Sometimes it’s good to be reminded that the universe is functioning perfectly despite the challenges it presents us with. We need challenges to carve out who we are, and our job is to accept them, allow ourselves to feel the metaphysical love and move on. This is the lesson of Dirty Barbie and Other Girlhood Tales, the adult version of an adolescent girl’s sleepover, brilliantly written and performed by Denise Stewart, who constructed the piece from posts on her blog.
From Dirty Barbie‘s showing at Hamner Theater in April.

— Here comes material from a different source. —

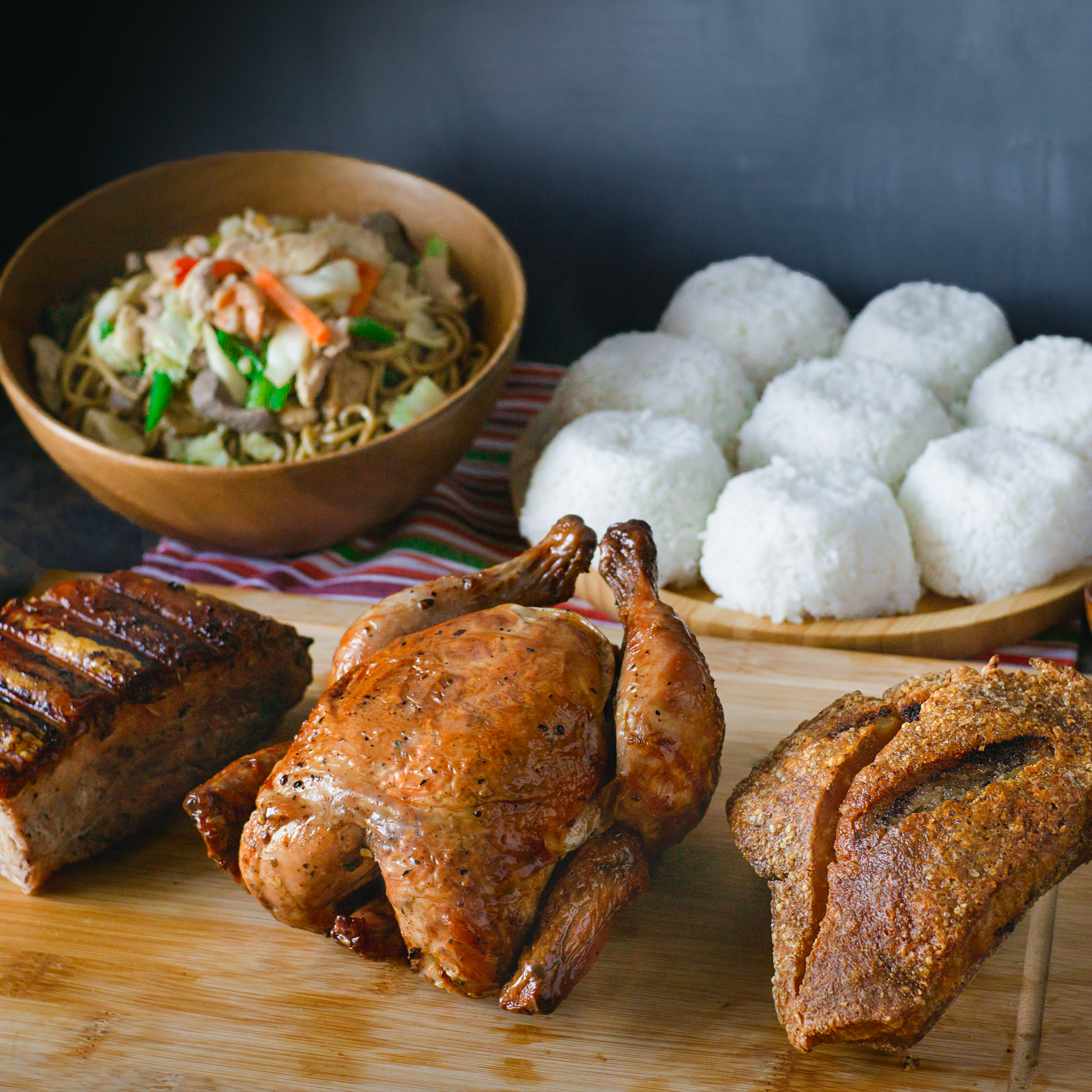 Set includes: 1 Whole Paborito Roasted Chicken, 1 Whole Litson Liempo, 1 Whole Pritchon, 8 servings Plain Rice, 6 servings Pancit Guisado (each serving is approx.180 grams). Recommended for 7-8 persons

You can catch Denise Stewart’s one-woman show on Saturday, December 10 and Sunday, December 11 at Live Arts. |
Stewart takes the audience on a wild ride through her dysfunctional Southern childhood, touching on subjects ranging from Barbie’s overt sexuality and teenaged temper tantrums to the slow death of her mother from alcohol abuse. She delivers her message as a montage of experiences, pulling heavily from those of her 4-year-old self and her 1994 college self and presenting them with a pleasing mix of poignancy, humor and dance using Barbie as a metaphor for feminine perfection. You know instantly from the first moments—a Barbie strip-tease—that this show is going to be different in a good way.
Stewart is as fearless in her revelations about universal childhood behavior as she is about the dysfunction of living in an alcoholic household. She manages to seamlessly revert to her child-self, directing stories of inexplicable meanness toward a nice girl and dancing to Michael Jackson’s “PYT,” using moves that are apparently present in the choreography of all tween girls of the era. She then morphs back into an older self to tenderly recount the stories of her mother’s love affair with scotch, or act out a hook-up from a college party, with a Ken doll taking on the role of her young lover. The whole thing is raw and exposing, but so brilliantly spiced with hilarity that the audience is able to joyfully take the entire journey with Stewart without turning it into a pity-party. At one point, Stewart projects a child-like line drawing on a screen depicting her mother next to a house-for-sale sign that reads, “for sale, hurry, I want to die,” and the honesty of the message is both humorous and tragic.
It is this sort of light-hearted effect that makes Dirty Barbie stand out. “Mattel is never going to make a manic depressive Barbie,” Stewart says at the end of the play, which is true because Barbie is fake, of course. The take-away being that reality is messy but somehow we get what we need from the life we’re given. Like that adolescent sleepover, Dirty Barbie has laughter, drama and life lessons involved, but it’s all good in the end.